### Records provided
<<<<

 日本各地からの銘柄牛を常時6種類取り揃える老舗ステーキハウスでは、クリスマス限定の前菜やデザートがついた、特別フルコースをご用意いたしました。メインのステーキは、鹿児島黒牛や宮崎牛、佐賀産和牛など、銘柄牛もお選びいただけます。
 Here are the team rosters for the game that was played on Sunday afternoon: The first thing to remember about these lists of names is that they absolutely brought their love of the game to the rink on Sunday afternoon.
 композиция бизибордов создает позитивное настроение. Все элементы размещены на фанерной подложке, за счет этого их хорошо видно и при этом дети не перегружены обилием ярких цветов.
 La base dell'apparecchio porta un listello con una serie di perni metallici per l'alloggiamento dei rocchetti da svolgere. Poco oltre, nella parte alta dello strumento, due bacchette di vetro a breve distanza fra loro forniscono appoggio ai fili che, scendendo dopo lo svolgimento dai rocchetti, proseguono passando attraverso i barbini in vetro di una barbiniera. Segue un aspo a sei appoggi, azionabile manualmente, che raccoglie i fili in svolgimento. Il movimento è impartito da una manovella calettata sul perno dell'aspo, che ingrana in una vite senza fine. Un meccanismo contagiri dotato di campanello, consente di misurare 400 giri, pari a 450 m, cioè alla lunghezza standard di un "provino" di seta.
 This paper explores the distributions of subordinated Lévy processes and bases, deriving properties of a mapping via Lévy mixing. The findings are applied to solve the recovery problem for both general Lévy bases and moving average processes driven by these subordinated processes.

>>>>
<<<<

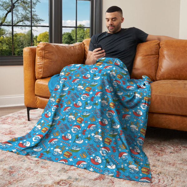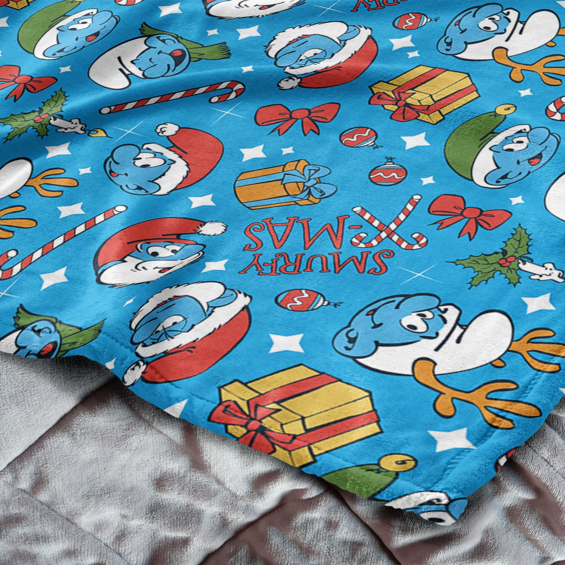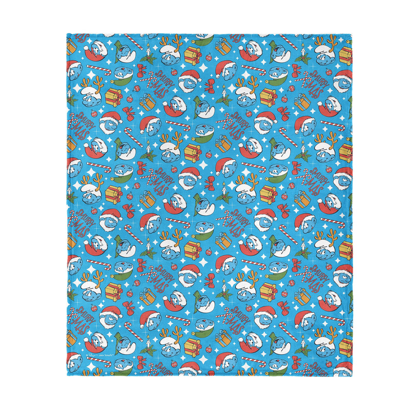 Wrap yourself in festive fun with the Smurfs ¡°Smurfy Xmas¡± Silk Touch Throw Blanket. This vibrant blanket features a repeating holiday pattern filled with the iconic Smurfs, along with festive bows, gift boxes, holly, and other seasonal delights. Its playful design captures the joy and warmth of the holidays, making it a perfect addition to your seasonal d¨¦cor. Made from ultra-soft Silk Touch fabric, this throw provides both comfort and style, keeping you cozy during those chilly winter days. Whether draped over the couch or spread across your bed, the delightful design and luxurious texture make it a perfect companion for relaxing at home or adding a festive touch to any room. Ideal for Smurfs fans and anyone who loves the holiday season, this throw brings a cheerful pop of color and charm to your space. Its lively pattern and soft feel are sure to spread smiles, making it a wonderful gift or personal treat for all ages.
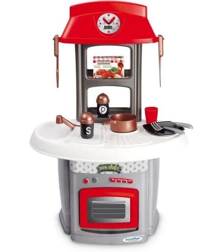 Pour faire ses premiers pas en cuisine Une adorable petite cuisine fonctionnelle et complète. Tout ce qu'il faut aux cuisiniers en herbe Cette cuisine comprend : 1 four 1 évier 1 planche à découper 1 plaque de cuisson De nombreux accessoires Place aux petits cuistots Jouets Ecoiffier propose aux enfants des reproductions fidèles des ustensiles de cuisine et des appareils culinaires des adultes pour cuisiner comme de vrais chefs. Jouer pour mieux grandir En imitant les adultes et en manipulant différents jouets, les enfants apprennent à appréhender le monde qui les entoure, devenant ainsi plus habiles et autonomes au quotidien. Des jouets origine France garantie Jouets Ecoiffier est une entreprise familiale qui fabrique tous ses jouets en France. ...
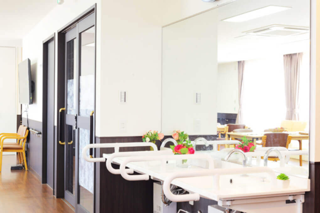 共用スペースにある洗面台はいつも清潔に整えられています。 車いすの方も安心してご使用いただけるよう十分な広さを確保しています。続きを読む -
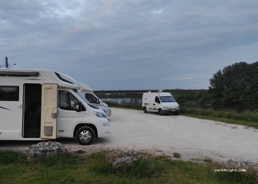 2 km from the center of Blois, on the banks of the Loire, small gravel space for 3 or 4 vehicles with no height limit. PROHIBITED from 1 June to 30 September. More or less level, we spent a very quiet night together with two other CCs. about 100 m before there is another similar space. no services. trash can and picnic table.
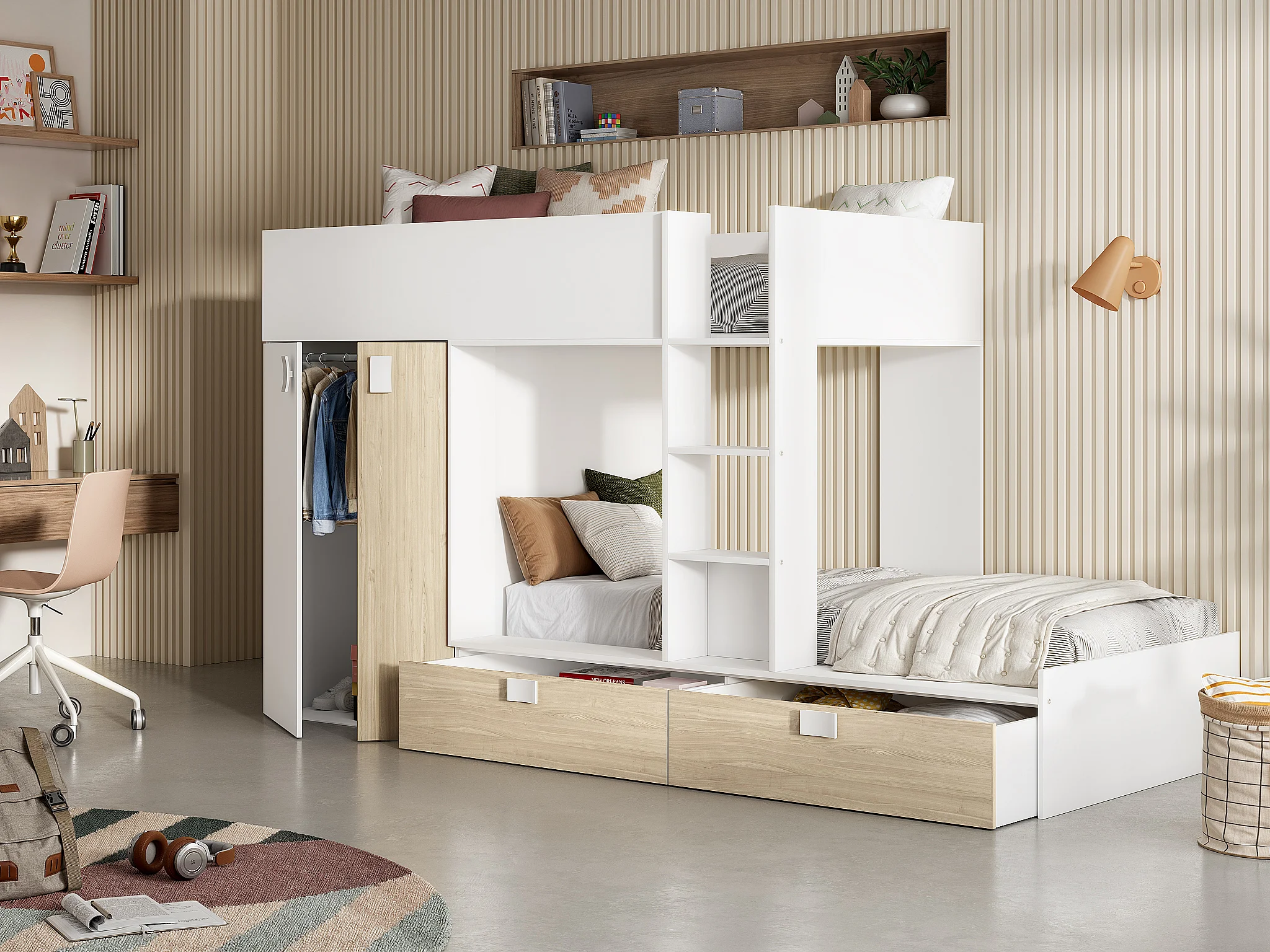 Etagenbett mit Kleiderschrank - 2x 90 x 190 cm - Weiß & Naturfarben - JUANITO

>>>>
<<<<

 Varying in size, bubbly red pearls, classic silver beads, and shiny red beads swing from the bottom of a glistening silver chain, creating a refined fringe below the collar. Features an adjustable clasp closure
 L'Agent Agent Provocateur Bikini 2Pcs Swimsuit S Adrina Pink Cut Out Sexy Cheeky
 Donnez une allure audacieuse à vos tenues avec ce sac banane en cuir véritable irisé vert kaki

>>>>

Please give the number of lines in the data above that hold "these", and write nothing else.

2